Task statement -> Transcribe the entries below exactly, starting with the line that has "Sinyora fekete-ezüst mintás zippes tunika." and stopping after the line that has "De galeriehoudster aan"; no pictures belong in the copy.

Data provided ->
Content starts
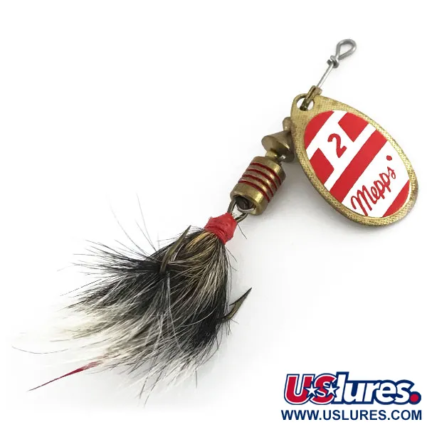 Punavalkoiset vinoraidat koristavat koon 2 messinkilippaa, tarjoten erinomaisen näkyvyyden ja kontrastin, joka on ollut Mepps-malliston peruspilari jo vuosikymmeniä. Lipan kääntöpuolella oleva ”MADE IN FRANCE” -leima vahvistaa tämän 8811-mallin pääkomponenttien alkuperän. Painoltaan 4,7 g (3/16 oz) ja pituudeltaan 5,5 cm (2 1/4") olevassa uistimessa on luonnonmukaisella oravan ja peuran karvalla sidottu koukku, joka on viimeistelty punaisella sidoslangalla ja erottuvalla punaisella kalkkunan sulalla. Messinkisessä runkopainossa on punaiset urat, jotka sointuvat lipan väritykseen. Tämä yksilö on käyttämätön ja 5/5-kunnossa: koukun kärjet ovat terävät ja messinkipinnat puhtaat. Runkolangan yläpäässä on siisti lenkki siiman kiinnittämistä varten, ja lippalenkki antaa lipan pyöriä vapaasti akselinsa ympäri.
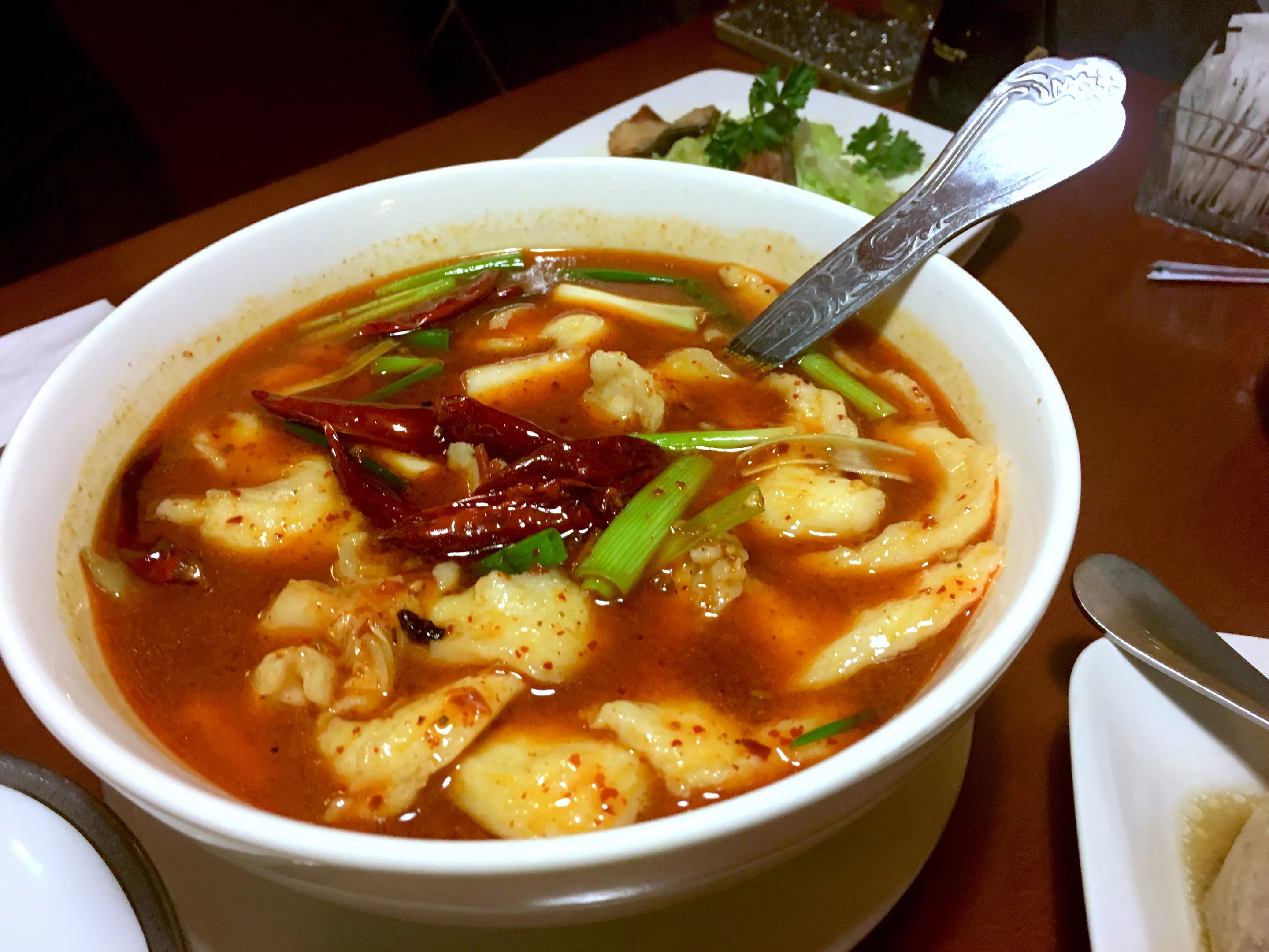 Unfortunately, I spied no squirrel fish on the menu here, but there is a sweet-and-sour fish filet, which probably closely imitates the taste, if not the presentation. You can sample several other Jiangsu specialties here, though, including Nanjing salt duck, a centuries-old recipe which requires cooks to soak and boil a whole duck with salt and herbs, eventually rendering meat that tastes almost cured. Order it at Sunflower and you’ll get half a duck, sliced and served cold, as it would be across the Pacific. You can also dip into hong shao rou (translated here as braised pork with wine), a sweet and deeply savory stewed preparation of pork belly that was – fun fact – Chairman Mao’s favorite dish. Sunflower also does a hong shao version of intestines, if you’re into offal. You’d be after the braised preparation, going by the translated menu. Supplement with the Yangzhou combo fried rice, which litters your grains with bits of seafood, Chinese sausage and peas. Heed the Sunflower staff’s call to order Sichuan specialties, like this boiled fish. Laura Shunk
Content ends
Content starts
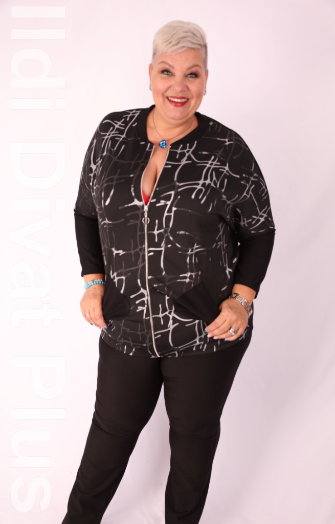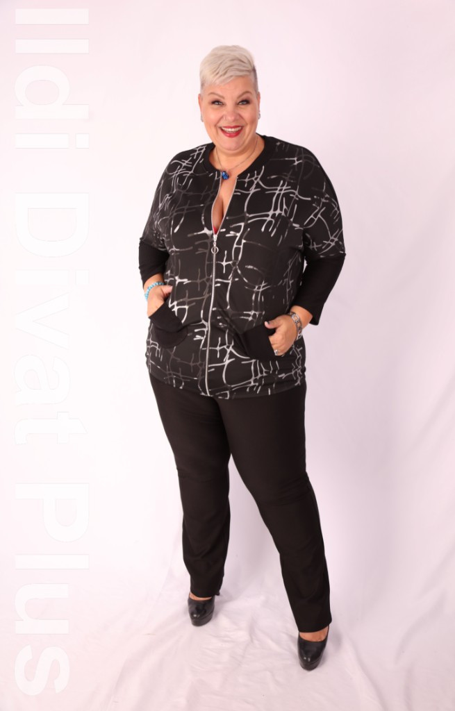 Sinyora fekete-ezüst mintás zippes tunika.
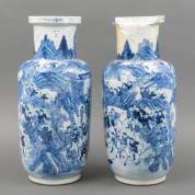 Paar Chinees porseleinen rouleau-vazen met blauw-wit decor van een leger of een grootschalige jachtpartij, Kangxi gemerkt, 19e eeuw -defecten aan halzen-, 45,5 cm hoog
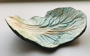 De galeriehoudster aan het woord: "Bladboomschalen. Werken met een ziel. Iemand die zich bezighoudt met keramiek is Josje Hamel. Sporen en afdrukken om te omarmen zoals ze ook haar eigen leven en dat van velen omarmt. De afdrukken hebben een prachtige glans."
Content ends
Answer to this exercise ->
 Sinyora fekete-ezüst mintás zippes tunika.
 Paar Chinees porseleinen rouleau-vazen met blauw-wit decor van een leger of een grootschalige jachtpartij, Kangxi gemerkt, 19e eeuw -defecten aan halzen-, 45,5 cm hoog
 De galeriehoudster aan het woord: "Bladboomschalen. Werken met een ziel. Iemand die zich bezighoudt met keramiek is Josje Hamel. Sporen en afdrukken om te omarmen zoals ze ook haar eigen leven en dat van velen omarmt. De afdrukken hebben een prachtige glans."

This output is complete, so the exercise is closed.